Через три дня Антоний и Клеопатра достигли военной базы на мысе Тенар, что на юге Пелопоннеса, и стали ждать сухопутные войска Канидия. Однако… Октавиан успел перехватить Канидия и предложил ему выгодные, не порочащие военной чести условия.
Приняв условия Октавиана, Канидий и его армия сдались.
Потрясенные и удрученные, Антоний с Клеопатрой отплыли в Египет. По дороге они узнали о капитуляции своего войска в Северной Греции и о том, что военачальник Антония в Киренаике – Скарп – также перешел на сторону Октавиана. Круг замкнулся.
Война, которая задумывалась как легкое театральное действо, обернулась гибелью армии и флота, крушением Птолемеевской державы и надежд о новом мировом устройстве. А самодовольство, которое так долго ослепляло Антония и Клеопатру, в итоге разрушило их судьбы.
Клеопатра вернулась в Александрию и, опасаясь волнений и мятежей, которые могли быть подняты против нее, объявила о своей победе. Старый излюбленный способ египетских царей скрывать свои неудачи. То, что рано или поздно ложь обнаружится, ей было безразлично – царица намеревалась вырвать у судьбы времени для спасения.
Сидя перед зеркалом, Клеопатра рассматривала свое отражение – седеющие волосы, которые теперь приходилось красить, полное стареющее лицо, красные заплаканные глаза. Она рыдала весь день, проклиная богов и свою ненавистную судьбу.
– Злая у меня судьба! Ох, злая, – удрученно шептала она.
Аполлодор крепко обнял ее за плечи.
– Ты должна держаться и бороться. Ты – царица из рода Птолемеев.

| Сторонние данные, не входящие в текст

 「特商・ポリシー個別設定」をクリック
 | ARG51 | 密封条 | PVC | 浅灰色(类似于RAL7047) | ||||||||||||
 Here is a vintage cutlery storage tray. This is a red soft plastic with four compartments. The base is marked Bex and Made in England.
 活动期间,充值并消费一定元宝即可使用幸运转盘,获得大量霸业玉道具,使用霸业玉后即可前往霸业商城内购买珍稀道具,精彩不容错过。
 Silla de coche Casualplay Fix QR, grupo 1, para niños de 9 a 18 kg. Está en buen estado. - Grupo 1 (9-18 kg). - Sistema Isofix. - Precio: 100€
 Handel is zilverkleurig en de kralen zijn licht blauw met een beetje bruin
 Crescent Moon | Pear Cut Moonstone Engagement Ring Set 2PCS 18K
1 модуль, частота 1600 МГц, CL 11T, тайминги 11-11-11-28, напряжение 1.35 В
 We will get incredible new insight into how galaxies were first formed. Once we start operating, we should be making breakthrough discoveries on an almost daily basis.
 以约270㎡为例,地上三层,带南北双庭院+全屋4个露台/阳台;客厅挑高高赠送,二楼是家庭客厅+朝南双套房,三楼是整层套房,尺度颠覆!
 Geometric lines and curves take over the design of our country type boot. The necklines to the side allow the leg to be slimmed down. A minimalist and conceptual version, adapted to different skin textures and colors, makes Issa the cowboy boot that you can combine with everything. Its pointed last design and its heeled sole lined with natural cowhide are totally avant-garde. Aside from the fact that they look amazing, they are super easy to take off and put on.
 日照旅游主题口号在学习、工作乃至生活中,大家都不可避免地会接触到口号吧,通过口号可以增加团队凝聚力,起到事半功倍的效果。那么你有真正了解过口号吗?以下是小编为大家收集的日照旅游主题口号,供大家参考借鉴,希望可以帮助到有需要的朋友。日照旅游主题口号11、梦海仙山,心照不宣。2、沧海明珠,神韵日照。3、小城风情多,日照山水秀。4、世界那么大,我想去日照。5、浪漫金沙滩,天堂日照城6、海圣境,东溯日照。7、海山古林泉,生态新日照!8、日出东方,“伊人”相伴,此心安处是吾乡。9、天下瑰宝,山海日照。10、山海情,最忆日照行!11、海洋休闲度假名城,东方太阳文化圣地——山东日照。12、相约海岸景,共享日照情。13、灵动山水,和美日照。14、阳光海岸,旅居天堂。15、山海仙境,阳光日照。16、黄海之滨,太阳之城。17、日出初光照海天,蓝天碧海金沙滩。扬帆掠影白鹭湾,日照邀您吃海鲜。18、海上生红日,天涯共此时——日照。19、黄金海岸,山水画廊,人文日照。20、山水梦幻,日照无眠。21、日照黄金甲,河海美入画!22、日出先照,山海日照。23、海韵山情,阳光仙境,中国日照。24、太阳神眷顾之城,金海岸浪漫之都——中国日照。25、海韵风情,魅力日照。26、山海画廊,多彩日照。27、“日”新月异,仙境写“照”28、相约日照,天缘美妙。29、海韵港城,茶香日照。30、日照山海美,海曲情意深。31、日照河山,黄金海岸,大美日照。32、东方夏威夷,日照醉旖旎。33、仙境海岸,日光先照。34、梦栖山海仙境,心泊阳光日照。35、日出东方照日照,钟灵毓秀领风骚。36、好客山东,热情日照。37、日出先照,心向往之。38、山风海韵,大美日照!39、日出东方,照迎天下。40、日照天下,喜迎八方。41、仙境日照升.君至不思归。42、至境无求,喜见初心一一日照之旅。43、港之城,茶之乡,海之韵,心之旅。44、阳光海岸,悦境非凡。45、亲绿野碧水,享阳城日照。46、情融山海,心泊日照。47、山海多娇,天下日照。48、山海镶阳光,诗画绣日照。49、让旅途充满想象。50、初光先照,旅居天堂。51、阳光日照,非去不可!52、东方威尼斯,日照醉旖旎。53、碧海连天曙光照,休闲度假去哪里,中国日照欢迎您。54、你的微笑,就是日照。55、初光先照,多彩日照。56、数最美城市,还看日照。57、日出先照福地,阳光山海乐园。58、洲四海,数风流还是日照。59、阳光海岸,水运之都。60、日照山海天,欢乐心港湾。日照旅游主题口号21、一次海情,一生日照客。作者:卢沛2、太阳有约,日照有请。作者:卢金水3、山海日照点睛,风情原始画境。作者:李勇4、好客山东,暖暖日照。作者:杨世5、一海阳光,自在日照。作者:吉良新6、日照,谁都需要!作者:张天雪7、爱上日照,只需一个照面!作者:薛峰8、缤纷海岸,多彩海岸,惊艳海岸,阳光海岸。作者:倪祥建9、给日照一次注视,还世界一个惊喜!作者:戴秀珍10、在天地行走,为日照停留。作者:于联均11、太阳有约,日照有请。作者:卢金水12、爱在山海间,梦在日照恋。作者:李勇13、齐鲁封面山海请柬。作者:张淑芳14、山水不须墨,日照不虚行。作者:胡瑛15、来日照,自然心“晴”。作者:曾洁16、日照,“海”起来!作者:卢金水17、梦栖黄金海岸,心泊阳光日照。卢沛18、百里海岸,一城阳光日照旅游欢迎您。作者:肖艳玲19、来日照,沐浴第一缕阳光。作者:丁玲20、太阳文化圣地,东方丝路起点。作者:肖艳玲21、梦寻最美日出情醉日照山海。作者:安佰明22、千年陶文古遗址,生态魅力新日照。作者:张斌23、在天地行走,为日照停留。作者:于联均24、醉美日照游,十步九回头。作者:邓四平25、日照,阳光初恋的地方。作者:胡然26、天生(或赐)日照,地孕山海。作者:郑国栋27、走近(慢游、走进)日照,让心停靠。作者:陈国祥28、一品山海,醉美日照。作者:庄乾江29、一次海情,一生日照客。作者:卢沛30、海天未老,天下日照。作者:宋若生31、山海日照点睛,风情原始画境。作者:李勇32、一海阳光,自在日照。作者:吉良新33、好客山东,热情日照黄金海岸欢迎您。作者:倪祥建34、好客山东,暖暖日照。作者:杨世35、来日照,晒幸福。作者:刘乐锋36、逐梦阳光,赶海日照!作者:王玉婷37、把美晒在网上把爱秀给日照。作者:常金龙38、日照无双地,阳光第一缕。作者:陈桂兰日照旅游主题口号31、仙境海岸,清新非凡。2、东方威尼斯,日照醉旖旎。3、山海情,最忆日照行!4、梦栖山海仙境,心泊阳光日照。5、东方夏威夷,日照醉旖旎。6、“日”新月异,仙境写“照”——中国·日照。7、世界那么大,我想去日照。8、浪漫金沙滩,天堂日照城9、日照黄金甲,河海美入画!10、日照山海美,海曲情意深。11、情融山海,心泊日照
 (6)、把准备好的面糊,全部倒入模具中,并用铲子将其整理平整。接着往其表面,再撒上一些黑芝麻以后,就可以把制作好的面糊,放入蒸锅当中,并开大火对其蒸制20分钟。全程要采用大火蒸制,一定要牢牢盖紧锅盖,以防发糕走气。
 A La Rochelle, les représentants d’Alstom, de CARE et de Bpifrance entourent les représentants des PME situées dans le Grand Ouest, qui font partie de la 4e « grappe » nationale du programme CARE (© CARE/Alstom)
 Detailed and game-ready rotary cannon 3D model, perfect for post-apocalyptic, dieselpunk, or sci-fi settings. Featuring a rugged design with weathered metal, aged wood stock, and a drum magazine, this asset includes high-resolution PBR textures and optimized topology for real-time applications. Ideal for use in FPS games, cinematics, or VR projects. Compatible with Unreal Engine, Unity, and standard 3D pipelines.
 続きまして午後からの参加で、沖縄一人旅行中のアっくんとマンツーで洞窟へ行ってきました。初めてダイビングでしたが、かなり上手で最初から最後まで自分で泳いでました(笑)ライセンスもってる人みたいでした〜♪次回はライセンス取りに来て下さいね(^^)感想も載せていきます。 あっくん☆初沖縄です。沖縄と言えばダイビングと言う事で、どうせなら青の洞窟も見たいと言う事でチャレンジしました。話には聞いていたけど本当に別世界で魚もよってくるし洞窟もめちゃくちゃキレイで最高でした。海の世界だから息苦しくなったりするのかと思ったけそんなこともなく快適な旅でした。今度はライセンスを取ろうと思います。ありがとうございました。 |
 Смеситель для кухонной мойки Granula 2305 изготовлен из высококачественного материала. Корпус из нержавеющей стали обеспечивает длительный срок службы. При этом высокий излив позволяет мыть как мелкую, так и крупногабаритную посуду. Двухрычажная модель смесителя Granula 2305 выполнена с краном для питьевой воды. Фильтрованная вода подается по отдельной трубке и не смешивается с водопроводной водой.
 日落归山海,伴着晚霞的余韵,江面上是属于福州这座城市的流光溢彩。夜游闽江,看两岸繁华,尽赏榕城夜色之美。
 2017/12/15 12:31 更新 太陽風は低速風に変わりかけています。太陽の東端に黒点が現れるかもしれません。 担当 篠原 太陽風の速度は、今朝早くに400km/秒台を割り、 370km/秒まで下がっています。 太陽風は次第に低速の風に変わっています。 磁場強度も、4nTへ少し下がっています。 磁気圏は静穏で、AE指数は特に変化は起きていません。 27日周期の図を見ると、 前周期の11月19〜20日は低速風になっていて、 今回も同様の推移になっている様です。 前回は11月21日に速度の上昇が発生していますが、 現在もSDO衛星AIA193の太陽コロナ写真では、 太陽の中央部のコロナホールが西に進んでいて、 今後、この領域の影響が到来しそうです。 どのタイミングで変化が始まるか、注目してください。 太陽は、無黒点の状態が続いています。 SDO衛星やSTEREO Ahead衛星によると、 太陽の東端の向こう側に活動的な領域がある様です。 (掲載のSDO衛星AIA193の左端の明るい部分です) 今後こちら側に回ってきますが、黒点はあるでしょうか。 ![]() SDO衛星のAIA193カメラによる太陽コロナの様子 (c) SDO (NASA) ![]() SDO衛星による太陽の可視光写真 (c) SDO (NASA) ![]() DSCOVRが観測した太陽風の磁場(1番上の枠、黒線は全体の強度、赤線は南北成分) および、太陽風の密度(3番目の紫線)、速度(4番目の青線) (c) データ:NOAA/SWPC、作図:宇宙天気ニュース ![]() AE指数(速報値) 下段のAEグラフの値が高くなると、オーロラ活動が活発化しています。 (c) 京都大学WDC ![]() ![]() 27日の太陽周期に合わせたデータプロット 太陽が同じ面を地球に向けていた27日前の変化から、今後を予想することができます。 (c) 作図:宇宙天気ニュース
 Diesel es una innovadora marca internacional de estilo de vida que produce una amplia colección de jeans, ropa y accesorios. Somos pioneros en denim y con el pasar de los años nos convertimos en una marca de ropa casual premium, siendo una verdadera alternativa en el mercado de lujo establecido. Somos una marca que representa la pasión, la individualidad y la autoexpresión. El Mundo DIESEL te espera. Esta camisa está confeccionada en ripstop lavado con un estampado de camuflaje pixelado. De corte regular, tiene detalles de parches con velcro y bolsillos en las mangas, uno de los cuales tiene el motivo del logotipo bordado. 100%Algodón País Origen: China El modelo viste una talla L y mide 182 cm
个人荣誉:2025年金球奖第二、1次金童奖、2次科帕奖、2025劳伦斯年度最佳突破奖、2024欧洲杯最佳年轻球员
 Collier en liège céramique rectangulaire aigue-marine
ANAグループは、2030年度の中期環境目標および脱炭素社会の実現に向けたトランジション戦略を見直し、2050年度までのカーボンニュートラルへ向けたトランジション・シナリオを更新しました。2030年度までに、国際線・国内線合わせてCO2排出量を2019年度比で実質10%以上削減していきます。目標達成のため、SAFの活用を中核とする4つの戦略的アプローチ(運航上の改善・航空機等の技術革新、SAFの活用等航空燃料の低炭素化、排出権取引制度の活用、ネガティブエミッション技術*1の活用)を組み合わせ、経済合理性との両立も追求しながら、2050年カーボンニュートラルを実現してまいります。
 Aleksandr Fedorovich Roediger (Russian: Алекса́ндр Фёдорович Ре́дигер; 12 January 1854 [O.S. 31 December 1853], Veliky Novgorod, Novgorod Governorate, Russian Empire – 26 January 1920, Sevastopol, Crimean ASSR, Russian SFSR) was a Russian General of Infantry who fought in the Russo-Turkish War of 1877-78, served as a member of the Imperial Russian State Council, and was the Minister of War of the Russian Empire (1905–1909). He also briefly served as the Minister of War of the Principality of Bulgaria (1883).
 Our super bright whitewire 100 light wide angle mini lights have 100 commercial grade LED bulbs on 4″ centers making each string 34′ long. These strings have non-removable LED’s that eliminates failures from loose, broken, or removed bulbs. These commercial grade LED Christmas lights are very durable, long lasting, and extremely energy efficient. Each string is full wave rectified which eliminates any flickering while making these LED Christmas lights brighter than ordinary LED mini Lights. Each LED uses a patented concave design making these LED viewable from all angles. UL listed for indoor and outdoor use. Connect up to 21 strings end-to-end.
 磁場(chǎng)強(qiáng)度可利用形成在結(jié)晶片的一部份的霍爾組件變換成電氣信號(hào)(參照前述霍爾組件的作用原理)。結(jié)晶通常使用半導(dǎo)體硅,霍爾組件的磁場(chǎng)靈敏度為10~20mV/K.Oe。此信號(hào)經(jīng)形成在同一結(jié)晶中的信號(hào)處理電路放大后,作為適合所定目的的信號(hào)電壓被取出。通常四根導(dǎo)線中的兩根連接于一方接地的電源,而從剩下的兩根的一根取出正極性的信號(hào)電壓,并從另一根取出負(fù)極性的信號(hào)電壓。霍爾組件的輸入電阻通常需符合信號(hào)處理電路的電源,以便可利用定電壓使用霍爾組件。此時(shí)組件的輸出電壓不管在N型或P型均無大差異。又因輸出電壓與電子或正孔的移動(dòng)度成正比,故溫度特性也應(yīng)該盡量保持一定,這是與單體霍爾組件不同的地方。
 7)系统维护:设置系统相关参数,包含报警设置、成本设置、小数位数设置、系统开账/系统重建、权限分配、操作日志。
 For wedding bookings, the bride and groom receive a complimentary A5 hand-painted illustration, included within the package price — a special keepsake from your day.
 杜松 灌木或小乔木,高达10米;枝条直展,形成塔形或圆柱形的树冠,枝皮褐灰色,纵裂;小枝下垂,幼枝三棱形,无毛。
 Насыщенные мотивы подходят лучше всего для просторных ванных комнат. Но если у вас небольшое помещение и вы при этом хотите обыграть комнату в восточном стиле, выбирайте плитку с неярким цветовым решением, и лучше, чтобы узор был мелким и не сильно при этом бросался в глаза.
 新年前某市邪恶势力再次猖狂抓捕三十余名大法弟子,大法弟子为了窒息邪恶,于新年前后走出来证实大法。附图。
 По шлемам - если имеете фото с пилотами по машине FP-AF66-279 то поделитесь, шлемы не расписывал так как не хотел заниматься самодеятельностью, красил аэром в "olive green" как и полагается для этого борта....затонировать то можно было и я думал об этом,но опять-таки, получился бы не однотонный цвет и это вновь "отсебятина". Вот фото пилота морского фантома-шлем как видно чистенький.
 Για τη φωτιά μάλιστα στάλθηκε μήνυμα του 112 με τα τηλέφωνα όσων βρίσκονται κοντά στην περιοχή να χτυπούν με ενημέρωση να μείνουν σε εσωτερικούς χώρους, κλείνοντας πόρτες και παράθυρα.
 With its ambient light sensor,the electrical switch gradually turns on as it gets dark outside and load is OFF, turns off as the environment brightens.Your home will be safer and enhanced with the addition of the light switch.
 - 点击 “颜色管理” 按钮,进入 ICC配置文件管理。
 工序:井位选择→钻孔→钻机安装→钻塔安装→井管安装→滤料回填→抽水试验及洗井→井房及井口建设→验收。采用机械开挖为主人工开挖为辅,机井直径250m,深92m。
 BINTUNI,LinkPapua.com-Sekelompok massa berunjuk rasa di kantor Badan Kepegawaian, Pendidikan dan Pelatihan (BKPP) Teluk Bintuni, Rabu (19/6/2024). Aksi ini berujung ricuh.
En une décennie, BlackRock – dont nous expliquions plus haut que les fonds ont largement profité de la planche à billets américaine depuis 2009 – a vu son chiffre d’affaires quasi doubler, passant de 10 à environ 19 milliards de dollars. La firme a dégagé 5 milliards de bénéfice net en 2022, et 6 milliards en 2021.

Сквозь слезы Клеопатра рассматривала седые волосы советника и глубокие морщины на родном и верном лице. Неизменными остались только глаза – острые, умные, проницательные.
Старик утешал старуху.
– Вот и кончилось все, – обреченно и устало прошептала Клеопатра. – Почему я? Почему со мной все это случилось? Ведь в пророчестве было сказано, что я – мессия?
Аполлодор тяжело вздохнул.
– Пороки погубили тебя. Старые птолемеевские пороки, передающиеся от царя к царю.
– Что ты говоришь?
– Ты и сейчас боишься правды? Что ж, может, это и к лучшему.
Клеопатра замолчала. Она прекрасно понимала, что имел в виду Аполлодор, однако ей не хотелось об этом говорить. Ощущение близкой гибели, мелькавшее в дворцовых галереях лицо смерти – все это парализовало ее мысли и волю. Разбираться с прошлыми ошибками ей больше не хотелось.
– Я решила отметить совершеннолетие Цезариона. Он вполне способен сам править страной.
– Ты делаешь большую ошибку.
– Отчего?
– Ты подставляешь мальчика. Когда Октавиан войдет в Александрию, он первым делом будет искать его, как своего давнего соперника и врага.
– Что ты говоришь? Он никогда не будет здесь! – Клеопатра сама не поверила в то, что сказала. Ведь это было очевидно.
– Я все равно отпраздную совершеннолетие, – упрямо повторила она.
– Опять ты меня не слушаешь, – устало произнес Аполлодор. – Сколько раз тебе мешало глупое упрямство, и опять ты взялась за старое.
Они оба надолго замолчали. Клеопатра – потому что ей больше нечего было сказать, а Аполлодор – потому что устал бороться с царской самонадеянностью.
– Что мне делать?
Царица смотрела на него, как побитая собака. Такие умирают долго и мучительно.
– Спасайся, – как-то безразлично ответил советник. Вся его жизнь была связана с этой женщиной. Ее поражение поставило точку также и в его судьбе. Он давно пресытился властью и богатством, в какой-то момент осознав, что нет ничего важнее в жизни гордости и свободы.
– А ты что будешь делать? – глотая слезы, спросила царица. – Теперь ты предашь меня?
Ее голос был надломлен, как и вся ее судьба.
Аполлодор долго смотрел на нее. Но он видел не стареющее и заплаканное лицо, а лицо семилетней девочки с глубокими черными глазами, в которых светились ум и порок. Что он подумал тогда? Что из этого одинокого, озлобленного волчонка может вырасти гордая и великая царица. Поощрениями и наказаниями он воспитывал ее волю и характер, учил бороться с низменными желаниями и пороками. Все-таки следует найти в себе мужество и посмотреть в глаза Маат – ученица так и не превзошла учителя, обесценив и свою, и его жизнь.
– Тоже буду спасаться, – грустно ответил Аполлодор, и его голос почему-то дрогнул.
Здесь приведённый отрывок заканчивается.